Twitter is a concrete demonstration of this. There were so many prognostications [0] that Twitter would imminently implode after downsizing from ~8k to ~1.5k employees following Musk's takeover, and when these claims never came to pass, it was a wake-up call to the rest of the industry [1].

[0] https://news.ycombinator.com/item?id=34617964

[1] https://www.livemint.com/companies/news/elon-musk-fired-80-p...


Pretending the current iteration of twitter is anything remotely comparable to what existed before is pretty ridiculous. Other than grok, which is by far the worst of all the flavors of models out there (and very technically, made by one of musk's other companies), there haven't been any new features in years, even down to the terrible UI/UX has barely changed at all, and the particular "slant" the site takes in addition to the swarms of boosted bots out there rendered the site practically unusable for me in a very short period of time. I honestly don't understand people that still use it or what they could possibly get out of it. If there was any honest reporting about DAU/MAU I'd bet a large part of my paycheck it's way down from pre-musk levels.


Grok is a separate product created by xAI. It is integrated into Twitter yes but they hired a ton of engineers at xAI to make it happen.


Those are due to deliberate policy changes from Musk to boost engagement of his right-wing sycophants, not due to any technical failings. From a strictly technological point-of-view, Twitter works just as well as it did pre-takeover, and certainly did not catastrophically collapse as many predicted.


I would categorize what happened to the site and it being rendered unusable by anyone even halfway serious as catastrophic - but perhaps my bar is a little higher for the "smartest man in the world" than "I can still get a 200 response from the site" (which actually is also down, in terms of outages).


I agree that the site is barely usable, but that's entirely due to a shift in Twitter's userbase caused by top-down policy changes (e.g. boosting right-wing spam), not any engineering shortcomings.

If Musk had never purchased Twitter and Jack Dorsey performed the same reduction in engineering staff, I doubt the site would be materially different from how it was pre-Musk.


That's because software is immortal. It will continue to run even if you do nothing. What happens, though, is that stuff around it moves.

Of course twitter still works. Even with 0 engineers, it would still work. That's never been the goal of a software company. I can compile Mario 64 right here, right now, decades later. Should Nintendo just go home? Call it quits? Of course not.


It’s rhetoric like this that has created the market we have today.
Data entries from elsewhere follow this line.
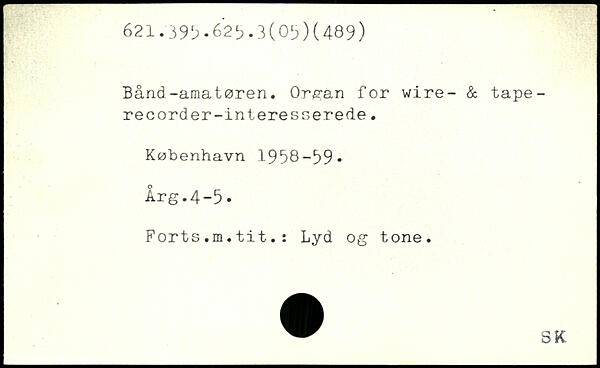 Bånd-amatøren. Organ for wire- & tape-recorder-interesserede.
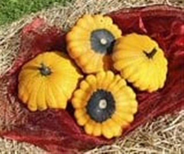 Hybride in geeloranje vruchten. Deze hybride heeft vruchten van wel 15-18 cm. (8 zaden) Decoflorall.nl
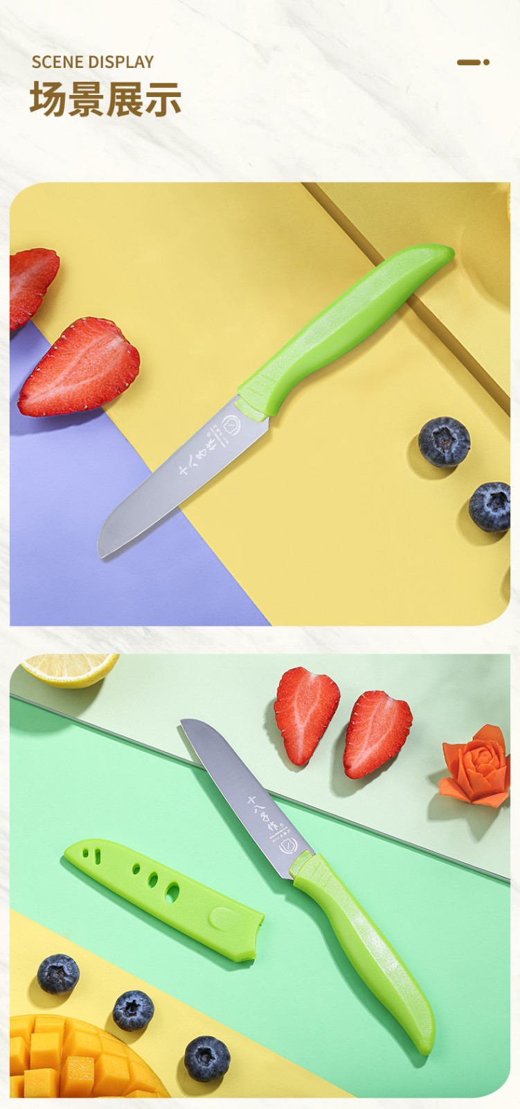 十八子作 家用轻便易携带不锈钢水果刀H300(含防护套) 单位:把
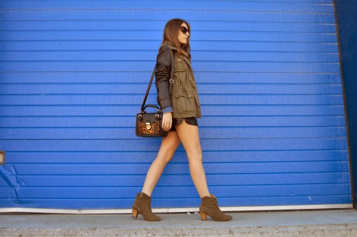 Two days ago, the weather was nice when I was wearing faux leather shorts with denim shirt and a leopard bag. It is one of my basic looks where leather+denim+leopard are a perfect combo.
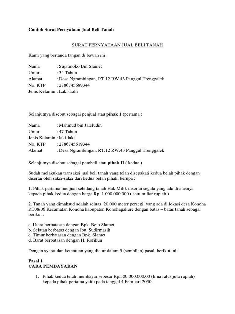 134 seri 2453a yang terletak di jl. Berdasarkan hal tersebut diatas dengan ini saya menyatakan dengan sebenarnya bahwa saya akan menjual tanah saya tersebut dengan harga rp. Jika kita memiliki harta benda maka sangat penting bagi kita untuk menjaga dan merawat harta tersebut seperti harta tanah contohnya. Contoh surat pernyataan jual beli tanah. Surat ini juga menjadi bukti bahwa kedua belah pihak yaitu penjual dan pembeli tanah sepakat untuk melakukan transaksi secara sah. Contoh surat keterangan jual beli tanah ini bertujuan untuk memberikan panduan atau referensi bagi anda dalam melakukan transaksi jual beli tanah.
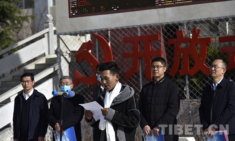 圖為西藏職業技術學院2020屆首批區外就業畢業生出征儀式上,邊巴次仁發言(資料圖) 攝影:王媛媛
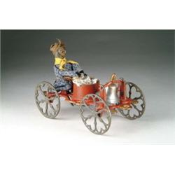 SCARCE “WASHER WOMAN” BY IVES, BLAKESLEE & WILLIAMS CO. A wonderful toy of a black lady and a cast iron wash tub. When the toy is rolled on the ground, she leans to and fro, scrubbing her wash while the bell tolls. On a red enameled base with gold highlighting, the figure, which is of typical Ives construction including the applied brass face, is similar in nature to the “TWILBY” BELL TOY by Ives. SIZE: 7 1/2". CONDITION: Overall condition is extremely fine, fair amount of paint loss of lady’s brass face. JL 1-4308 (6,000-8,000)
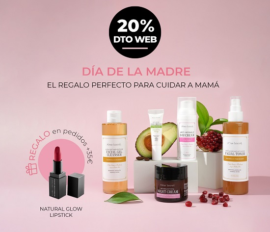 Para ello, esta firma española de cosmética natural ha puesto en marcha una oferta increíble: del 24 al 27 de abril puedes beneficiarte de un 20% de descuento en toda la web de Alma Secret y llevarte un labial de regalo en pedidos superiores a 35 €.
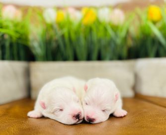 Our puppies include white and biscuit and white. Colors will vary depending on the parent dogs.
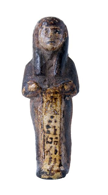 Statuina funeraria mummiforme. Indossa una parrucca tripartita nera. Le mani incrociate ed affiancate non sembrano reggere attrezzi. Il viso e le mani sono bianchi, il resto del corpo è quasi nero. L’iscrizione consta di una colonna di geroglifici, purtroppo quasi incomprensibile.

The perceived success is not the same as actual success. Remember it is a private company and you don’t actually have any idea how bad the balance sheets were after the layoffs. Before the financial engineering that Musk did by using his other companies to invest in Twitter to preserve its valuation, the company was down almost 80%. [1] If public companies go down that route, they’ll very quickly find out what the actual impact of that model is.

[1] https://techcrunch.com/2024/09/29/fidelity-has-cut-xs-value-...
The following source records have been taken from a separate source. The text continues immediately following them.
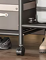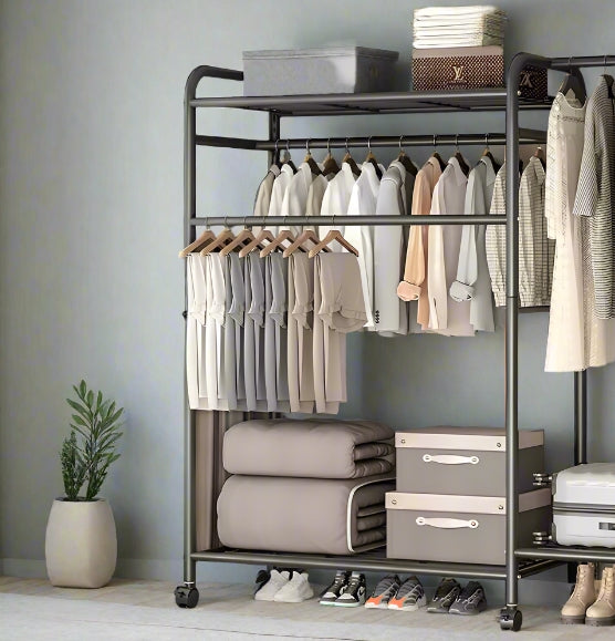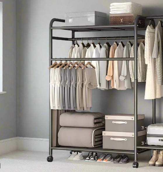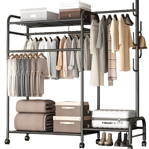 -Key Feature: Multi-layer double hanging rails with three storage shelves and 6-wheel mobility
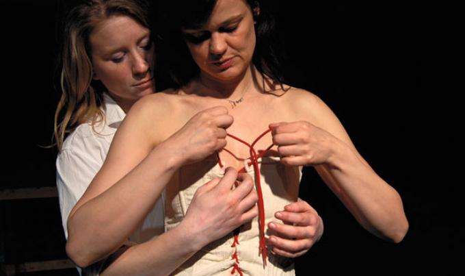 LAUREYS: De touwen staan symbool voor het schip, voor kracht en voor het mannelijke. We snoeren ons in die touwen in. Intussen bespeelt Frans Grapperhaus cello, een erg vrouwelijk instrument vinden wij. Zo tonen we hoe de vrouw ingesnoerd en bespeeld wordt door de man, maar evenmin zonder hem kan. Zich deels inspirerend op de piratenliederen die Anne en Mary bezingen, maakte Grapperhaus een compositie die het spel ondersteunt. Zijn cello zal kraken als een schip, blazen als de zeewind en twee vrouwen teder door hun moedige leven leiden. Iets wat elke man hoort te doen. Als hij het leven begrijpt. (grijnst)
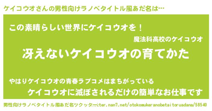 | 胡散臭い通販商品みたいなあだ名 | 『世界中を虜にした世界で10本だけ現存している希少なブランデー…その名も「ケイコウオ」』 |
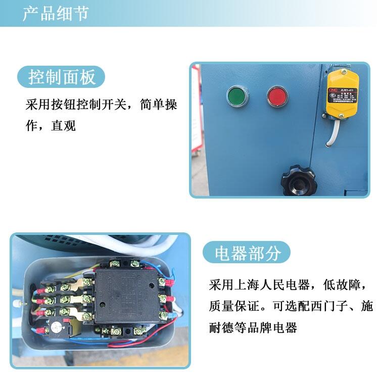 9、小机加装脚轮,移动方便。大型机加装可调避震脚,工作平稳。

Twitter's failures are solely due to Musk's changes in corporate governance (e.g. boosting fringe right-wing content causing its existing userbase and advertisers to flee the platform), not due to any engineering problems caused by reducing headcount. Strictly from an engineering standpoint, Twitter works just as well as it did before Musk took it over.

As I wrote in another post, if Musk had never purchased Twitter and Jack Dorsey performed the same reduction in engineering staff, I doubt the site would be materially different from how it was pre-Musk.


> Twitter works just as well as it did before Musk took over

Just because it works on your phone doesn’t mean there are no engineering problems behind the scene. You’re just not aware of the problems that exist because it’s a private company and you’re not privy to the information.


> Twitter works just as well as it did before Musk took it over.

Not true. The main reason I stopped clicking Twitter links in the first place was the abysmal chance of the tweet loading and not just displaying a generic "Failed to load. Try again?" after the takeover. I mean it occasionally happened before as well, but it became the default behavior.

It lasted long enough that by the time (over a year) they'd finally fixed it, the platform had deteriorated to a right-wing cesspool anyway.


To be fair a lot of the fired people were moderators and it shows today.


>I use nucgen to generate a random 100M line FASTQ file and pipe it into different tools to compare their throughput with hyperfine.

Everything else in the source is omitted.